Entries taken from a collection:
———

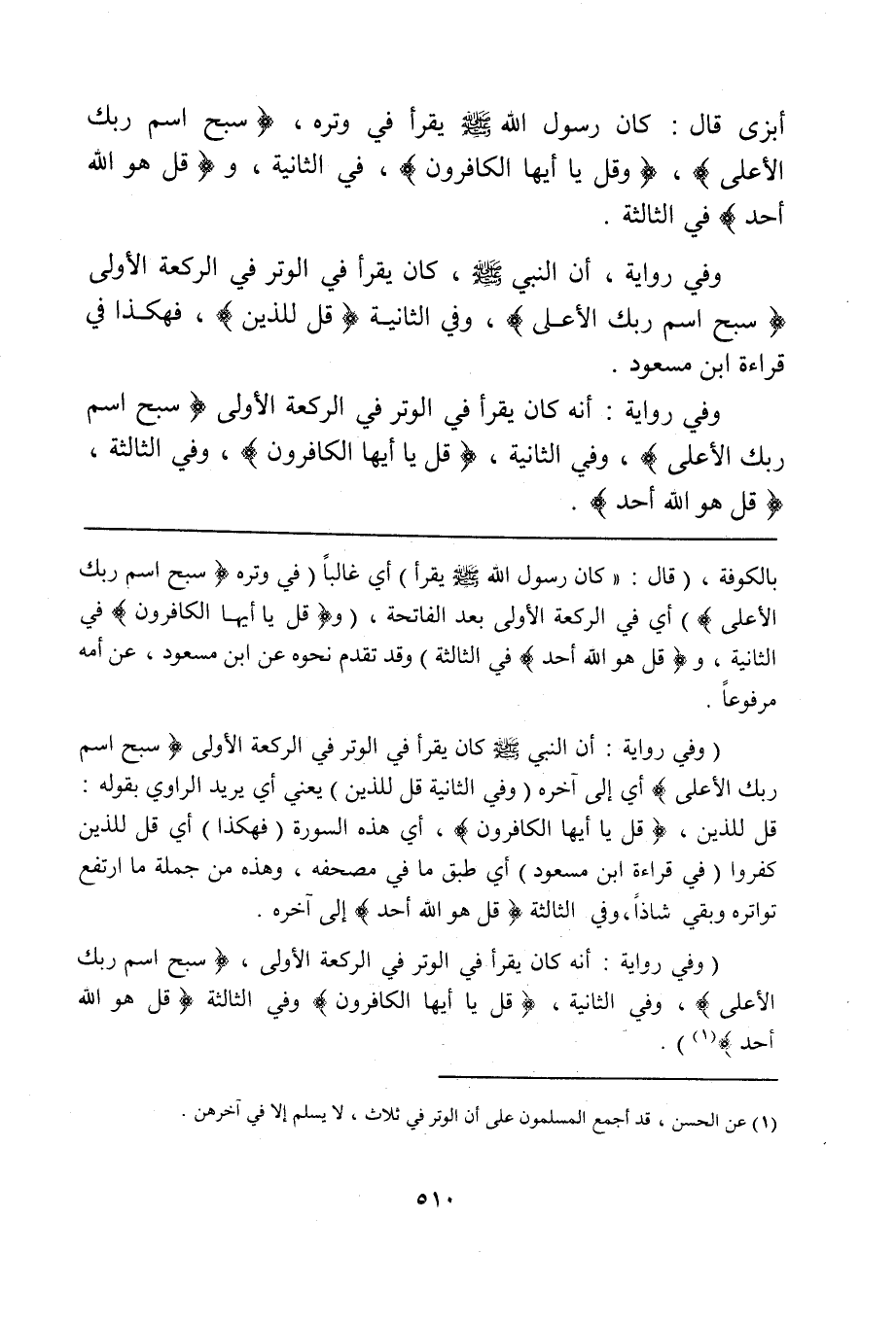 (¬1) عن الحسن، قد أجمع المسلمون على أن الوتر في ثلاث، لا يسلم إلا في آخرهن.
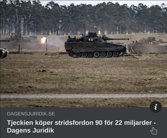 " Tjeckien tecknade redan i slutet av förra året en avsiktsförklaring om samarbete inom stridsfordonsområdet med FMV och BAE Hägglunds. Nu står det alltså klart att nationerna tecknat ett avtal som omfattar köp av stridsfordon 90, men även integrering av tjeckisk industri i tillverkningen av fordonen.
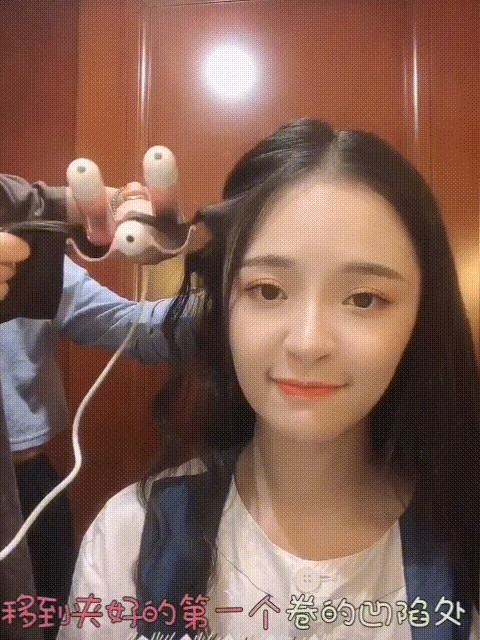 用超级细的卷棒,夹出羊毛卷的刘海儿。
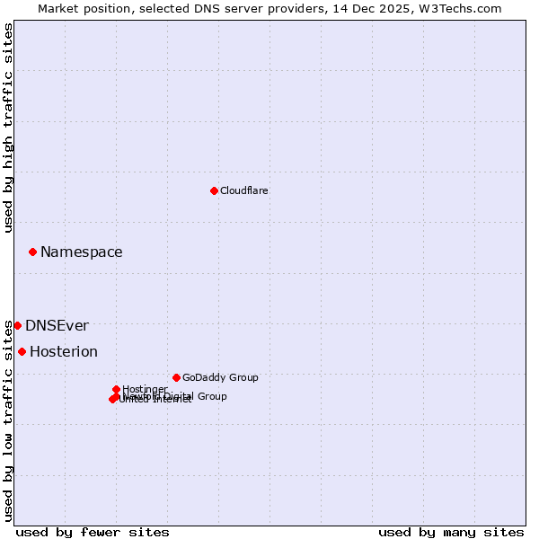 TechnologiesContent ManagementServer-side Languages Client-side Languages JavaScript Libraries CSS Frameworks Web Servers Web Panels Operating Systems Web Hosting Data Centers Reverse Proxies DNS Servers Email Servers SSL Certificate Authorities Content Delivery Traffic Analysis Tools Advertising Networks Tag Managers Social Widgets Site Elements Structured Data Markup Languages Character Encodings Image File Formats Top Level Domains Server Locations Content Languages | Technologies > DNS Servers > Technology usage comparison Comparison of the usage statistics of Namespace vs. Hosterion vs. DNSEver for websitesThis report shows the usage statistics of Namespace vs. Hosterion vs. DNSEver as DNS server provider on the web. See technologies overview for explanations on the methodologies used in the surveys. Our reports are updated daily. UsageThis diagram shows the percentages of websites using the selected technologies. How to read the diagram:
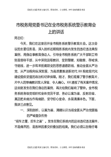 市税务局党委书记在全市税务系统警示教育会上的讲话.docx
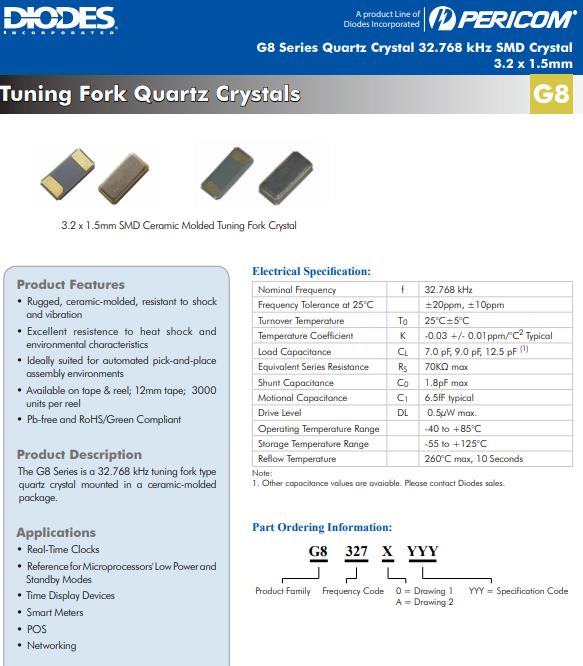 | G83270021 | Diodes晶振 | SaRonix-eCera™ G8 | 32.768kHz | - |
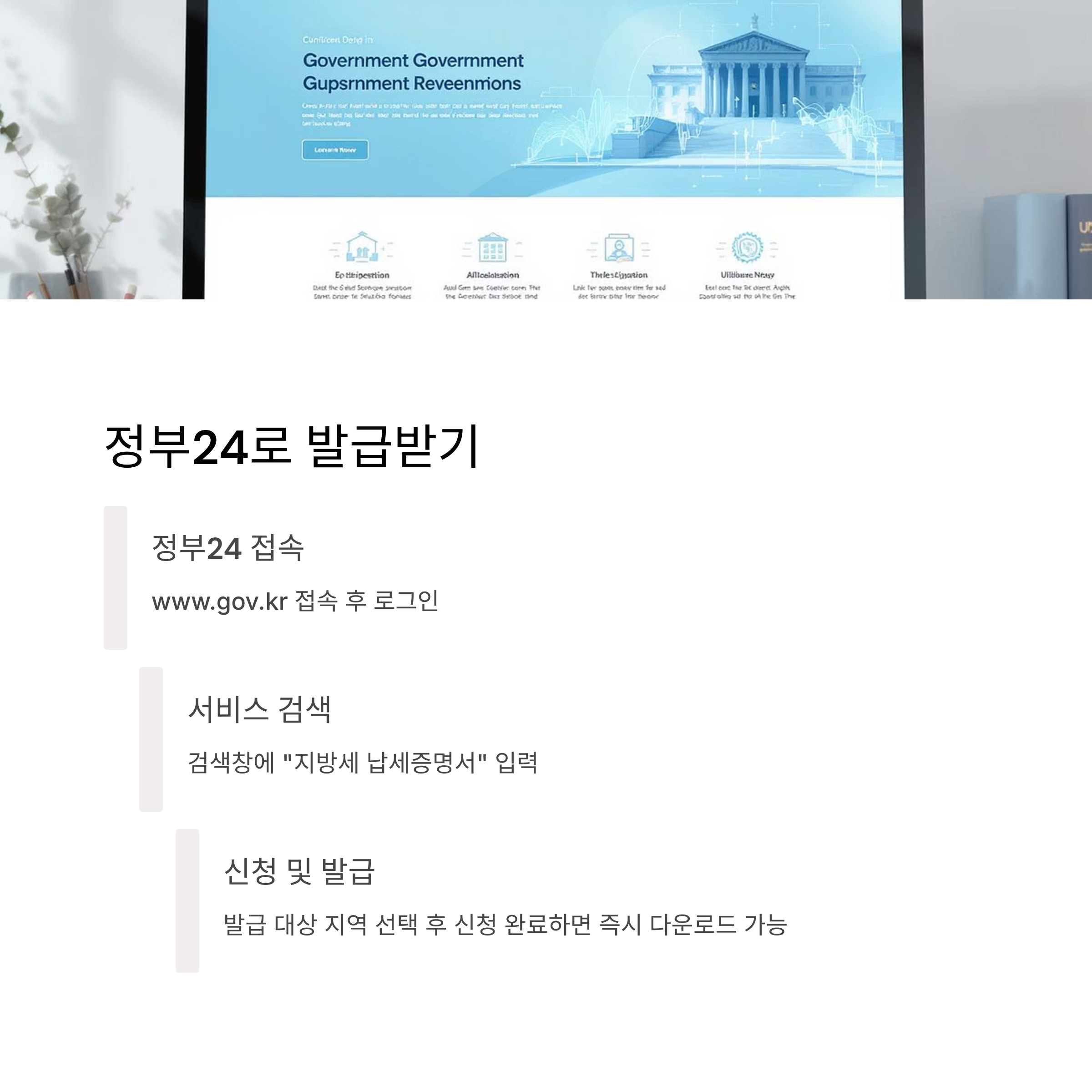 정부24는 대한민국 정부의 통합 온라인 민원서비스로, 다양한 정부 서비스를 한 곳에서 이용할 수 있습니다. 지방세 납세증명서도 간편하게 발급받을 수 있습니다.

———

WHAT YOU ARE ASKED TO DO:
Set down only the lines from the one with "TechnologiesContent ManagementServer-side Languages" through the end of the entries, exactly as they appear, leaving out each picture.

RESULT BELOW:
 TechnologiesContent ManagementServer-side Languages Client-side Languages JavaScript Libraries CSS Frameworks Web Servers Web Panels Operating Systems Web Hosting Data Centers Reverse Proxies DNS Servers Email Servers SSL Certificate Authorities Content Delivery Traffic Analysis Tools Advertising Networks Tag Managers Social Widgets Site Elements Structured Data Markup Languages Character Encodings Image File Formats Top Level Domains Server Locations Content Languages | Technologies > DNS Servers > Technology usage comparison Comparison of the usage statistics of Namespace vs. Hosterion vs. DNSEver for websitesThis report shows the usage statistics of Namespace vs. Hosterion vs. DNSEver as DNS server provider on the web. See technologies overview for explanations on the methodologies used in the surveys. Our reports are updated daily. UsageThis diagram shows the percentages of websites using the selected technologies. How to read the diagram:
 市税务局党委书记在全市税务系统警示教育会上的讲话.docx
 | G83270021 | Diodes晶振 | SaRonix-eCera™ G8 | 32.768kHz | - |
 정부24는 대한민국 정부의 통합 온라인 민원서비스로, 다양한 정부 서비스를 한 곳에서 이용할 수 있습니다. 지방세 납세증명서도 간편하게 발급받을 수 있습니다.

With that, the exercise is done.